I had an appointment with my doctor this morning. Everything was going routinely. The whole get out in 15 minutes of less formula. That's why I love my doctor. She would spend as much time with me as needed, but I rarely need much. She is always in my room before my appointment time and she doesn't dilly-dally. Pee in a cup, measure the belly, listen to the heartbeat, ask about symptoms, latest thyroid numbers and we're done.
This morning I asked when I was going to meet with the surgeon for my c-section. Since my doctor is just a GP and not an OB/GYN, she doesn't do surgeries. No big deal, I love her and though she gave me the option I didn't want to see another doctor for this pregnancy. I have, however, been seeing my high risk specialist from Jay just to have regular ultrasounds and make sure Bean doesn't have any of the issues Jay had.
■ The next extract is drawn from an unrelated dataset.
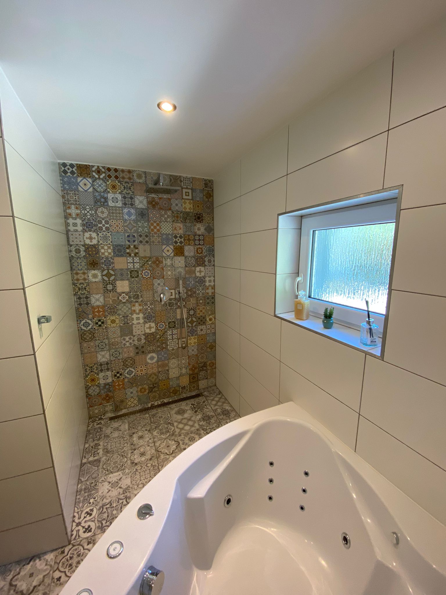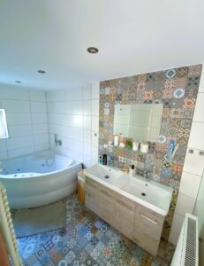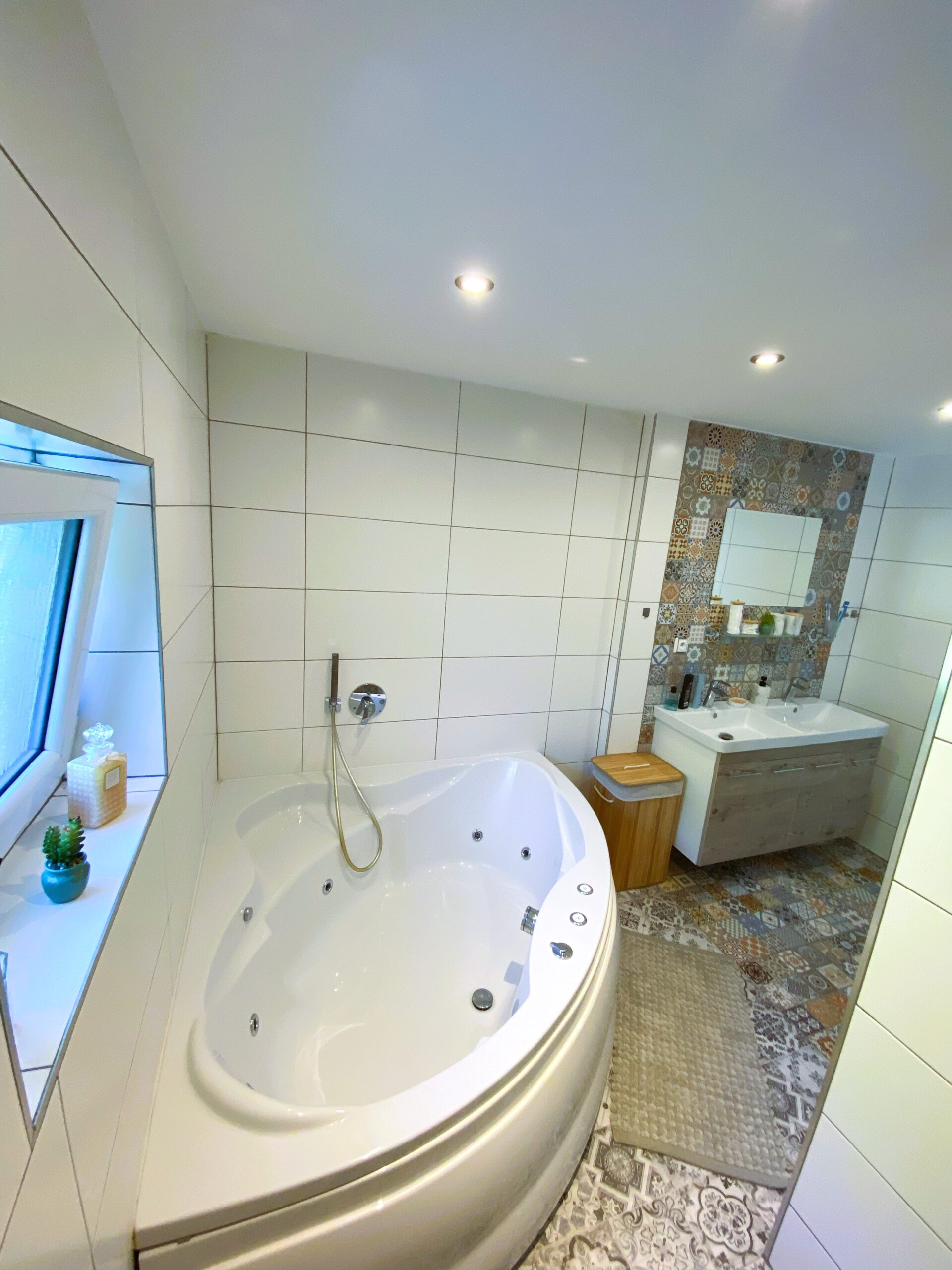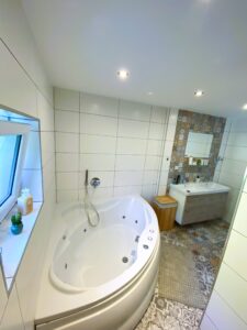 Koupelna s vířivou vanou: Dopřejte si horkou koupel a uvolnění přímo v soukromí svého apartmánu.

As far as my doctor knew, I had a bikini cut with Jay. Which is true. What she didn't know is that I have a vertical interior cut. She has told me from the beginning that I won't have my c-section until I am 39 weeks pregnant. I chose May 14th as the day to deliver Bean. That all changed this morning, because my specialist does know about my interior cut and recommended that I have a c-section at 37 weeks.
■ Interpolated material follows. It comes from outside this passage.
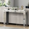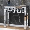 - Luxury Alfa Design: High-quality Materials: The silver console table is made of solid MDF andmirrored glass. The beveled glass is carefully polished, smooth, safe and easy to clean

No big deal, you might say. And truthfully everyone but me is excited at this prospect. Micah is ready. My best friend Amy is over the moon, because her other best friend is getting married May 15th so she was going to have to make a 4 hour trip up here and back on the 16th to see Bean.
But holy moly, I just lost 2 weeks. Eight weeks from tomorrow I am going to be a mommy again. And while I have many things done, I still have a whole list of things I want to get don before Bean arrives. And now I only have 8 weeks to do them. Plus, April 30th puts Bean's birth right at the beginning of our anniversary weekend. I will be in the hospital recovering from a c-section on my first wedding anniversary. I was really looking forward to being grossly pregnant on our anniversary.